> [Data provided]
--- --- ---

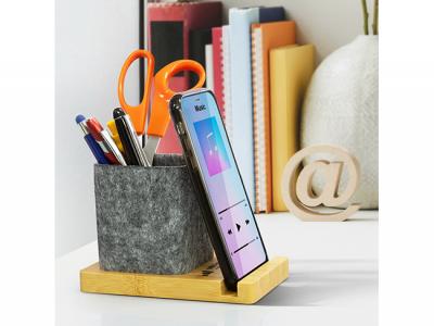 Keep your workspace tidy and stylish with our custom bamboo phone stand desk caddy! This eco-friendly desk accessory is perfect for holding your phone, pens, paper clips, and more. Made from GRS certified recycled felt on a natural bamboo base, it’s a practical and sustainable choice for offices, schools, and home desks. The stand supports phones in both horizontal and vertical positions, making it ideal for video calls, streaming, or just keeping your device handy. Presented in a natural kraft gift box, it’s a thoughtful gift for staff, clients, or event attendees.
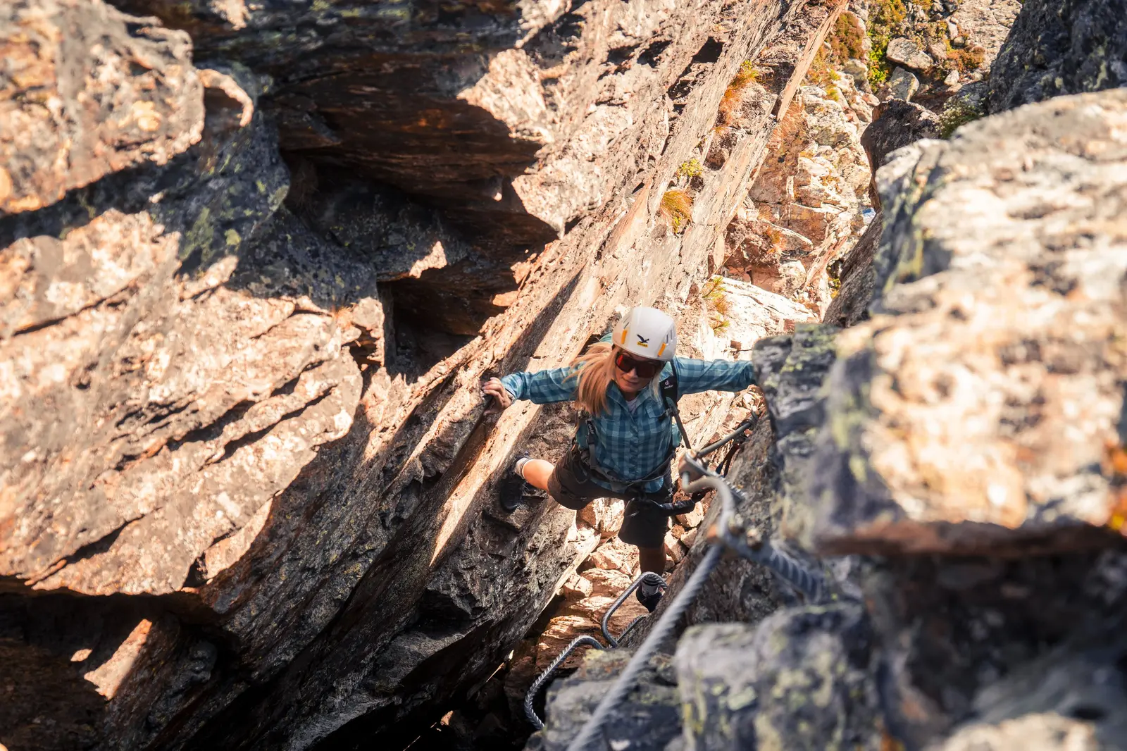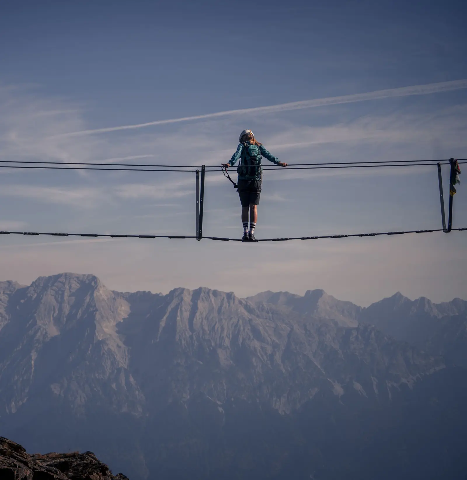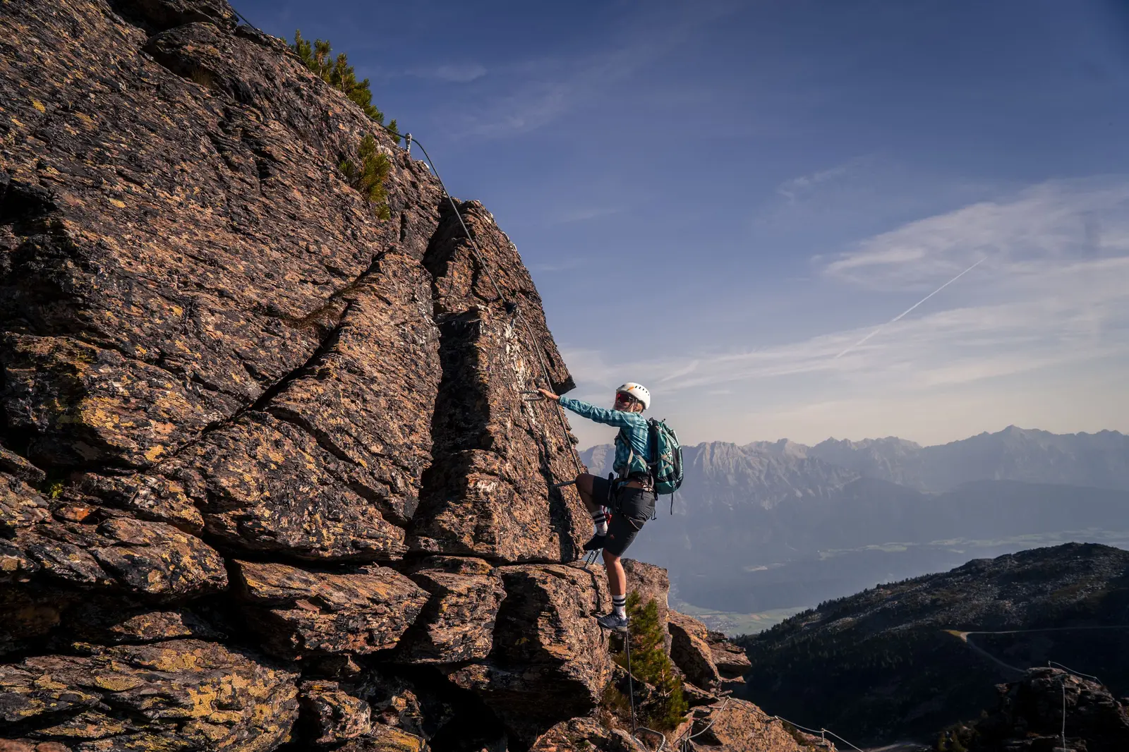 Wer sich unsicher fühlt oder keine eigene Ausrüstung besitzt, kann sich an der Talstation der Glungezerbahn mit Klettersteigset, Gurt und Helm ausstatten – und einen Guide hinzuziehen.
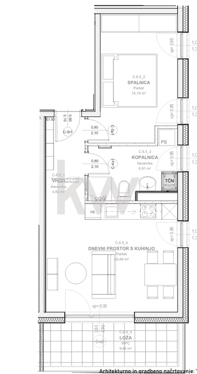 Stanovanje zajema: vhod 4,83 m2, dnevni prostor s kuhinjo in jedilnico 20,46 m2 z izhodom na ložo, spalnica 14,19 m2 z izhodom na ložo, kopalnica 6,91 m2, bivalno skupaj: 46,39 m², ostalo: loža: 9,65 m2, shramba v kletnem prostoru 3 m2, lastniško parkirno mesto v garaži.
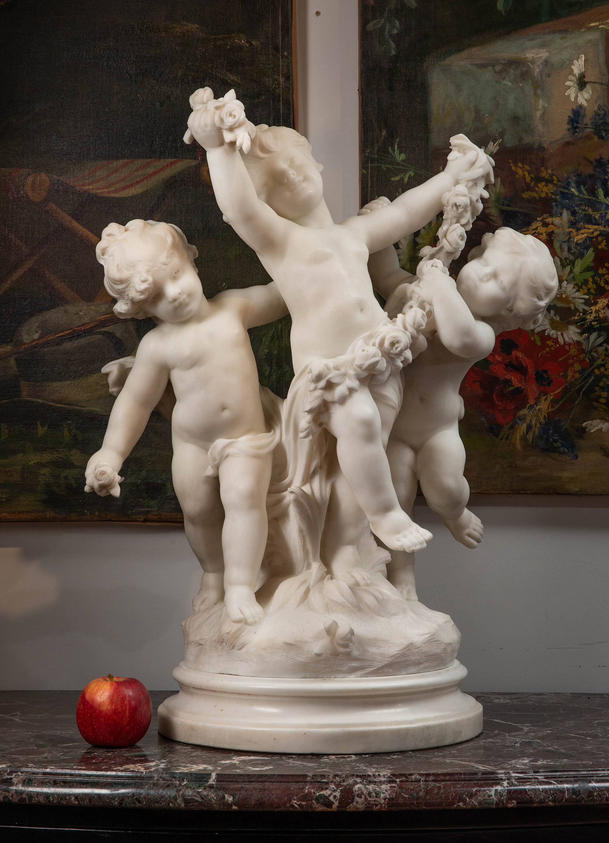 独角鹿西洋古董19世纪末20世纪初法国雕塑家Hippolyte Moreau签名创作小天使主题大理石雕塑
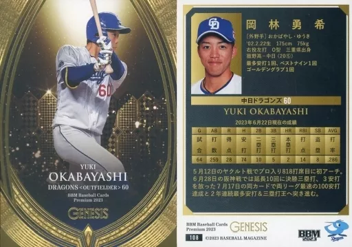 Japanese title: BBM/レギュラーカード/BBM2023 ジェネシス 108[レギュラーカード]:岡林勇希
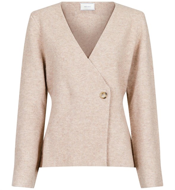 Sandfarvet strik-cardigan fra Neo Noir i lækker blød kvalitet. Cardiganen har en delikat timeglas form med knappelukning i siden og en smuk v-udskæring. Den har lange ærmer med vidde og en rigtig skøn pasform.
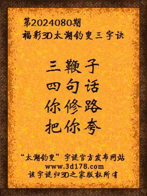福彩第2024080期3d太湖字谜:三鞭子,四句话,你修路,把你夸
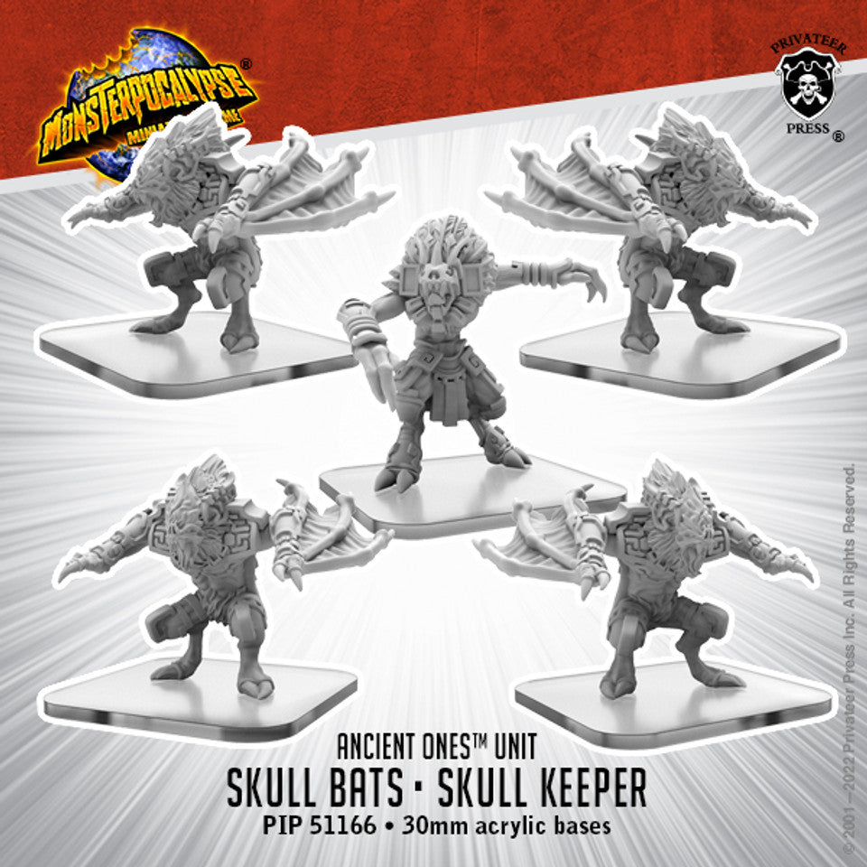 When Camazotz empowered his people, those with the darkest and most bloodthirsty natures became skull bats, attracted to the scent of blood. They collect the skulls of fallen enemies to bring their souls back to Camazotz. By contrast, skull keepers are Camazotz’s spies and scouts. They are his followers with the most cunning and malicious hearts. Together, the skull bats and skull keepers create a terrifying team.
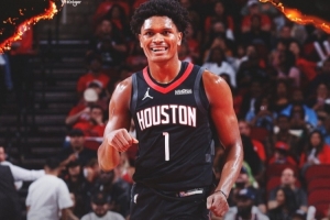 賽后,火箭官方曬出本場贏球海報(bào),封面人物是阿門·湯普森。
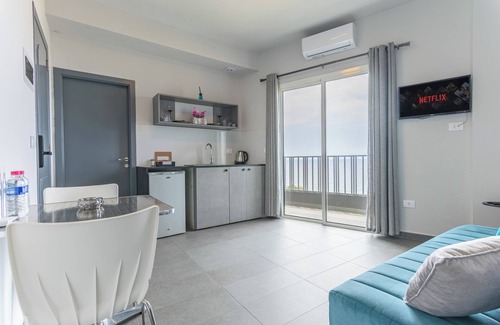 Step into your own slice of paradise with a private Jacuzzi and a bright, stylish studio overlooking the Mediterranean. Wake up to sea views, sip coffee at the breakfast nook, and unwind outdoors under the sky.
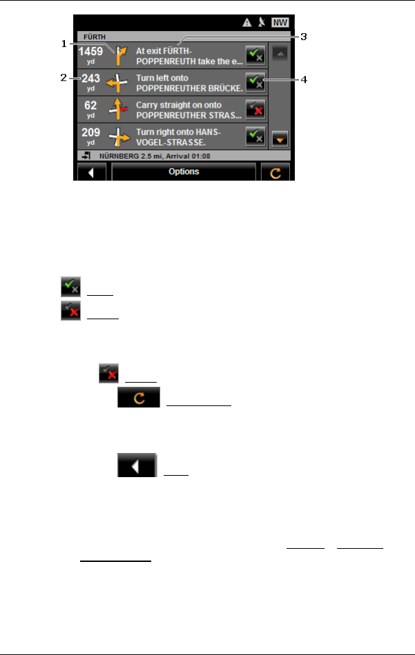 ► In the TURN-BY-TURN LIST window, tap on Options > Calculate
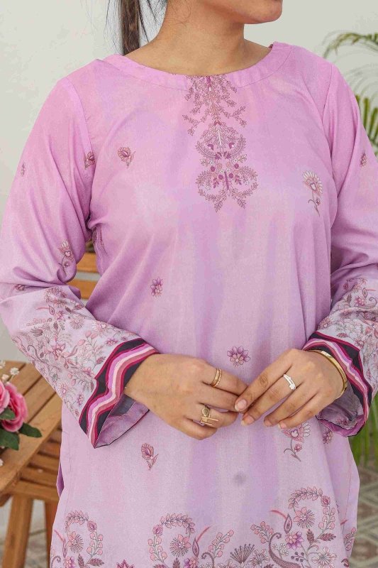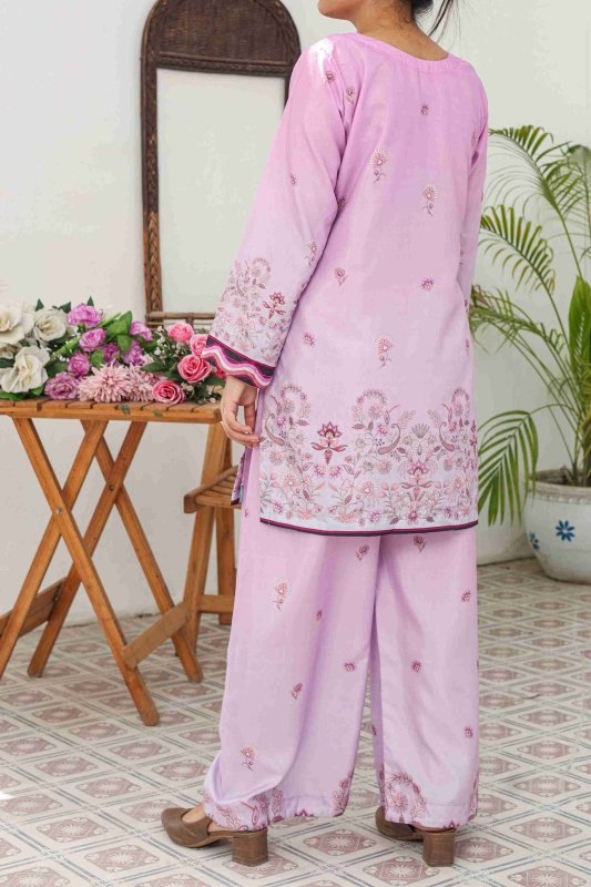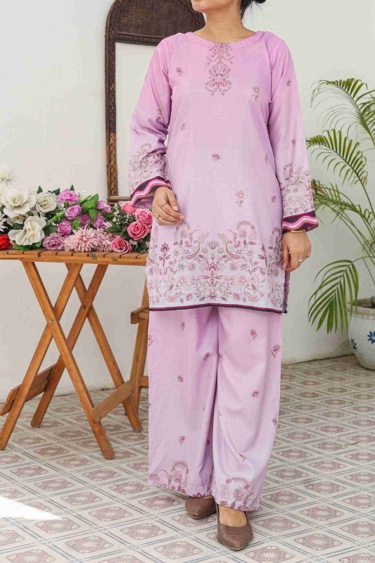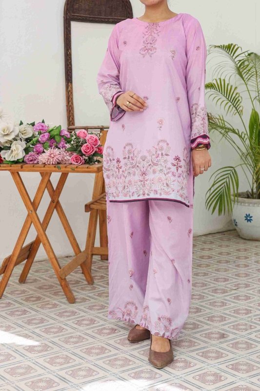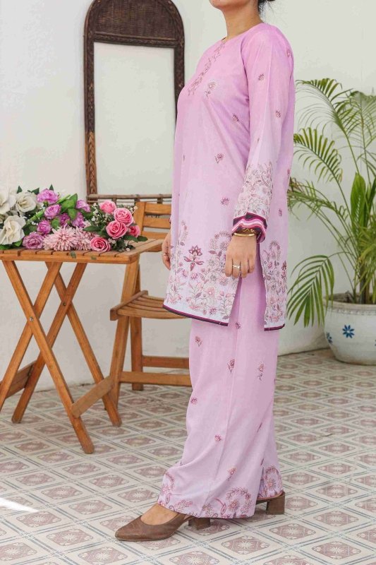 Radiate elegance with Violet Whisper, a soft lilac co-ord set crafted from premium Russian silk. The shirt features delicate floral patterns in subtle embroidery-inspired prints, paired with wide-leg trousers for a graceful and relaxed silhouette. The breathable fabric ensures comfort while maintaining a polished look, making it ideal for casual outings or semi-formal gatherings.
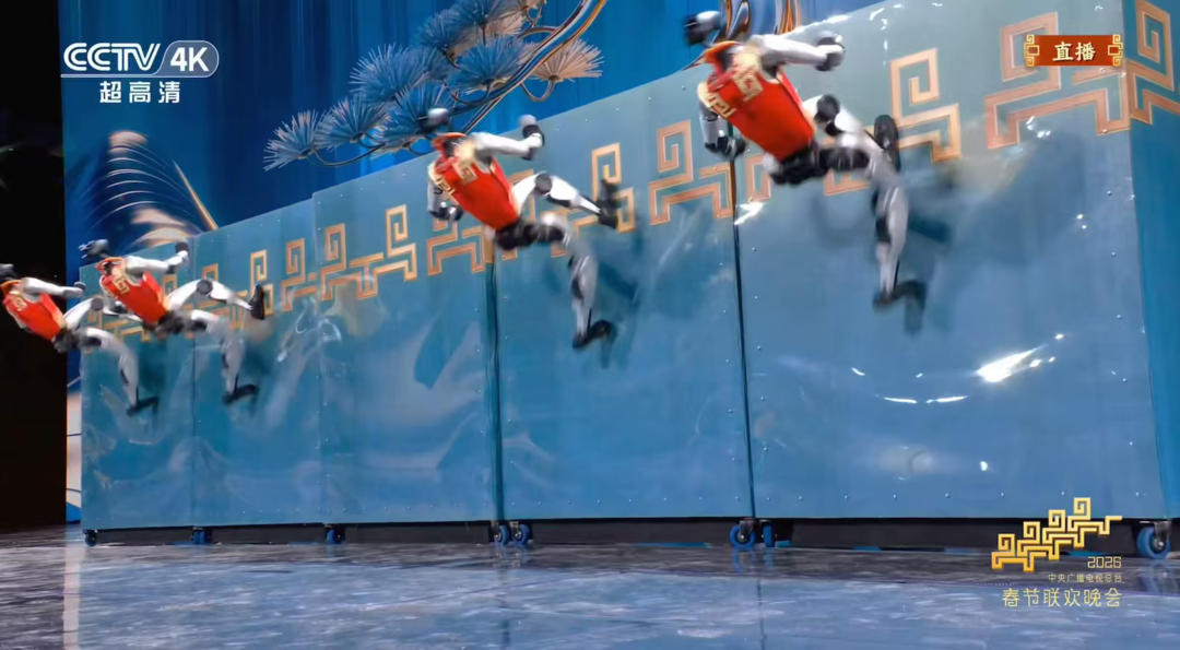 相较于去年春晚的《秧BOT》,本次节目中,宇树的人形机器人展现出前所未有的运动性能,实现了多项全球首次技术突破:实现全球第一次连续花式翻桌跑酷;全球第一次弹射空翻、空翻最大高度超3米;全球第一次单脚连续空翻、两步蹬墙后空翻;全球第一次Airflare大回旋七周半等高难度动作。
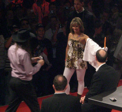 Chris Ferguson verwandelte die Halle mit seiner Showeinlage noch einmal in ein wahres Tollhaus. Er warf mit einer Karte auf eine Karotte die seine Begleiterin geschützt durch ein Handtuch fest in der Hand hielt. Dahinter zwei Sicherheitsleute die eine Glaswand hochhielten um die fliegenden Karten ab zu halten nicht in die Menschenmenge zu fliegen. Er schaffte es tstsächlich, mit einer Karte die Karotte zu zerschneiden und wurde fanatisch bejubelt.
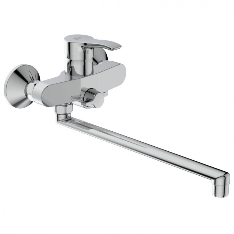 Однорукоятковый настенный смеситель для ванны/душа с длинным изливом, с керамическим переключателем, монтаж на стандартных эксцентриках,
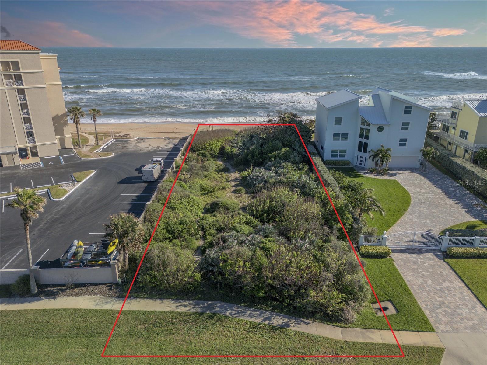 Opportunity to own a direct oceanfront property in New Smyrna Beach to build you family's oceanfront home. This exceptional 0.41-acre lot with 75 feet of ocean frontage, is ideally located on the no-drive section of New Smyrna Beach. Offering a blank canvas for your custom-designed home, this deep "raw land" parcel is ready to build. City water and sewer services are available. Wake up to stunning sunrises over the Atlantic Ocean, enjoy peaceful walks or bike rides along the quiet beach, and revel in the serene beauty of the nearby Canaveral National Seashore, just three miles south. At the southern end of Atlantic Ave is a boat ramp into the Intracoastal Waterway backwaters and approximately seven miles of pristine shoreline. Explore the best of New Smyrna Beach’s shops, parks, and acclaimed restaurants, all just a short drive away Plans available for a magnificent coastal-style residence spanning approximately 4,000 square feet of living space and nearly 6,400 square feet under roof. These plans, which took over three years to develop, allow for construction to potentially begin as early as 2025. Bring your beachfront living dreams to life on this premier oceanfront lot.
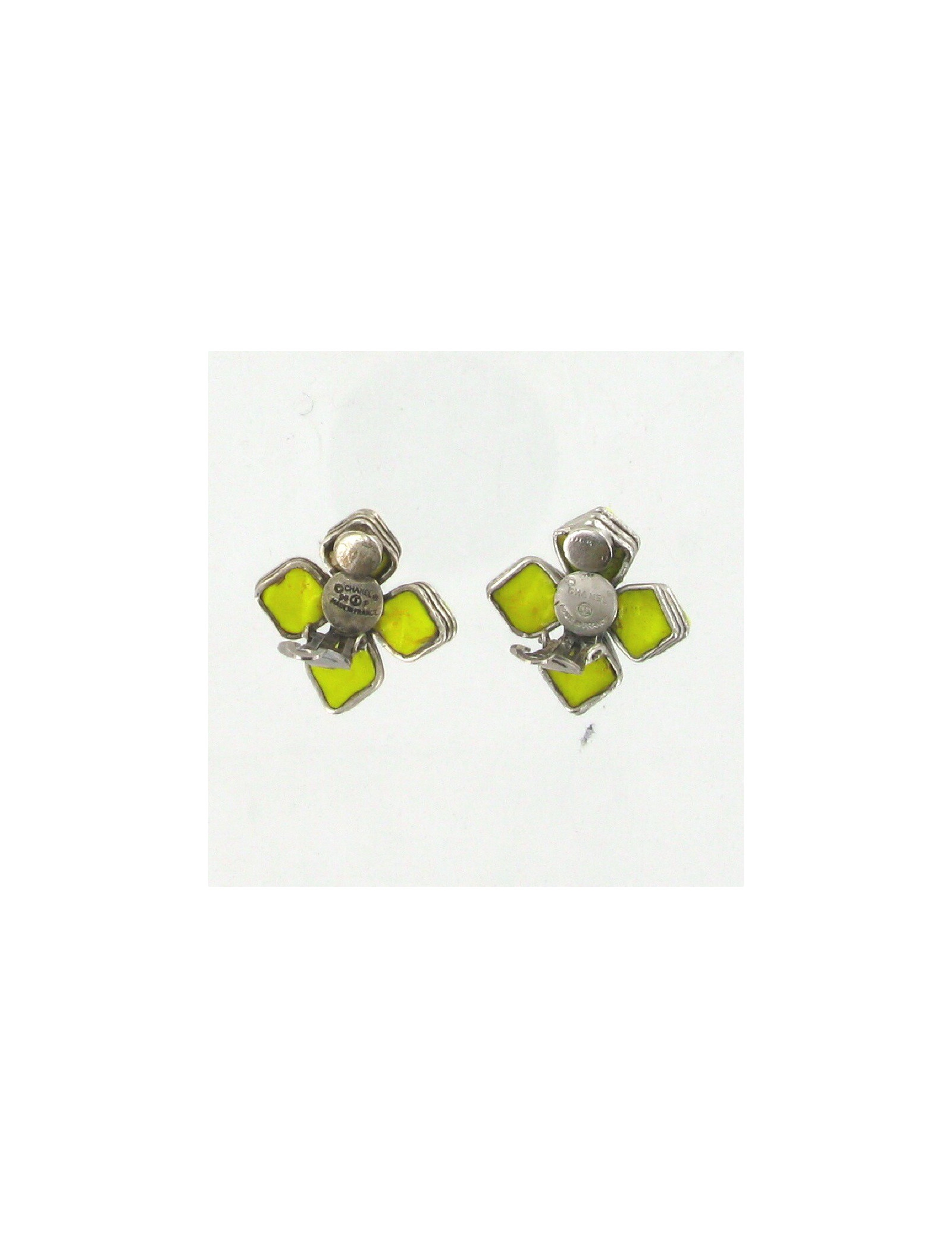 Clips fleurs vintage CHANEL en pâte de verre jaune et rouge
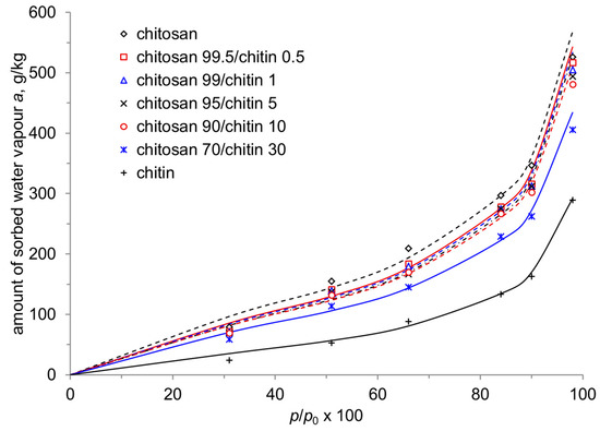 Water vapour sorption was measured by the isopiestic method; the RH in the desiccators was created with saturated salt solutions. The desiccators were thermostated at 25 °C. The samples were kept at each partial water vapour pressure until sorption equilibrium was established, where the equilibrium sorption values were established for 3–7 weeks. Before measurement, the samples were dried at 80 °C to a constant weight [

--- --- ---

> [Your instructions]
Only one stretch of the listing is wanted: the lines starting at the one with "独角鹿西洋古董19世纪末20" and ending at the one with "Radiate elegance with", copied exactly and free of pictures.

> [Reply to the exercise]
 独角鹿西洋古董19世纪末20世纪初法国雕塑家Hippolyte Moreau签名创作小天使主题大理石雕塑
 Japanese title: BBM/レギュラーカード/BBM2023 ジェネシス 108[レギュラーカード]:岡林勇希
 Sandfarvet strik-cardigan fra Neo Noir i lækker blød kvalitet. Cardiganen har en delikat timeglas form med knappelukning i siden og en smuk v-udskæring. Den har lange ærmer med vidde og en rigtig skøn pasform.
福彩第2024080期3d太湖字谜:三鞭子,四句话,你修路,把你夸
 When Camazotz empowered his people, those with the darkest and most bloodthirsty natures became skull bats, attracted to the scent of blood. They collect the skulls of fallen enemies to bring their souls back to Camazotz. By contrast, skull keepers are Camazotz’s spies and scouts. They are his followers with the most cunning and malicious hearts. Together, the skull bats and skull keepers create a terrifying team.
 賽后,火箭官方曬出本場贏球海報(bào),封面人物是阿門·湯普森。
 Step into your own slice of paradise with a private Jacuzzi and a bright, stylish studio overlooking the Mediterranean. Wake up to sea views, sip coffee at the breakfast nook, and unwind outdoors under the sky.
 ► In the TURN-BY-TURN LIST window, tap on Options > Calculate
 Radiate elegance with Violet Whisper, a soft lilac co-ord set crafted from premium Russian silk. The shirt features delicate floral patterns in subtle embroidery-inspired prints, paired with wide-leg trousers for a graceful and relaxed silhouette. The breathable fabric ensures comfort while maintaining a polished look, making it ideal for casual outings or semi-formal gatherings.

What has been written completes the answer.